Brockway Glass Company
- Formerly: Brockway Machine Bottle Company
- Industry: Glass
- Founded: 1907
- Defunct: 1988
- Fate: Merged with Owens-Illinois
- Successor: Owens-Brockway Glass Container Inc.
- Headquarters: Brockway, Pennsylvania, United States
- Products: Bottles and other glass containers

= Brockway Glass Company =

Defunct American glass company

Brockway Glass Company was founded in 1907 in Brockway, Pennsylvania by the Brockway Machine Bottle Company (which later became Brockway Glass). Brockway manufactured and sold glass containers and tubing along with plastic products manufactured through wholly owned subsidiaries. In 1964, Brockway bought several Hazel-Atlas Glass Company factories from the Continental Can Company as part of a lawsuit settlement. In 1987, Owens-Illinois made a bid of $60 per share (worth $750 million) to acquire Brockway, which was met with resistance by the Federal Trade Commission (FTC). After a Federal District Judge denied the FTC's request for an injunction, Owens-Illinois acquired Brockway's shares.

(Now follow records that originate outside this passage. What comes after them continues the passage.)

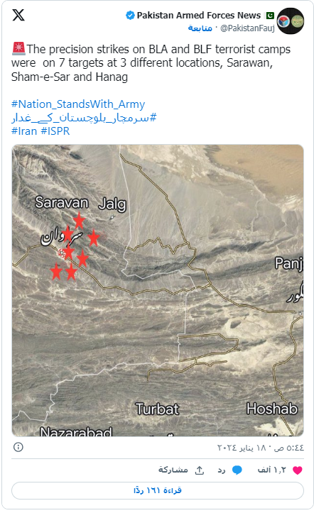ونشر الحساب الرسمي للجيش الباكستاني على منصة “إكس” تدوينة تضمنت مواقع الأهداف التي قصفتها داخل إيران، وقال: “تم توجيه ضربات دقيقة على معسكرات تنظيمات BLA” وBLF الإرهابية، استهدفت 7 مواقع في 3 مناطق مختلفة”.
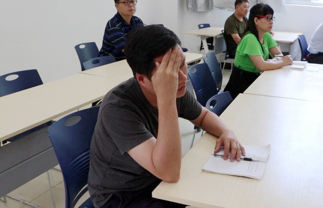 ▲学生隔列就坐,教师上课
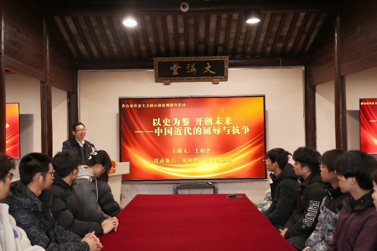 活动特别邀请黄色网站 鸦片战争研究中心主任、研究员,定海区历史文化与古城保护利用专家咨询委员会主任王和平作《以史为鉴 开创未来——中国近代的屈辱与抗争》专题讲座。王和平向团员和青年们讲述了自己多年来在鸦片战争史料收集、遗址遗迹考察等方面的研究成果。他围绕“探寻遗迹 遍查档案”“潜心研究 科学解码”“多措并举 文化传承”等三大部分,详细指出舟山不仅是鸦片战争爆发的重要战场,还是中国近代史开启的重要节点。他还重点分析了定海保卫战的惨烈过程,强调舟山人民的英勇抗争对中国近代史的深远影响。讲座内容丰富、史料翔实,引发了在场听众的热烈反响,进一步激发了大家的社会责任感和历史使命感。

In 2018, the former Brockway Glass plant in Washington County, Pennsylvania (closed since the late 1980s) was awarded a $1.5 million grant from Pennsylvania’s Redevelopment Assistance Capital Program.

== Owens-Brockway Glass Container Inc. ==
The wholly owned subsidiary, Owens-Brockway Glass Containers Inc., was the result of the 1988 merger between Brockway and Owens-Illinois. Owens-Brockway Glass Container owns all of Owens-Illinois worldwide glass operations.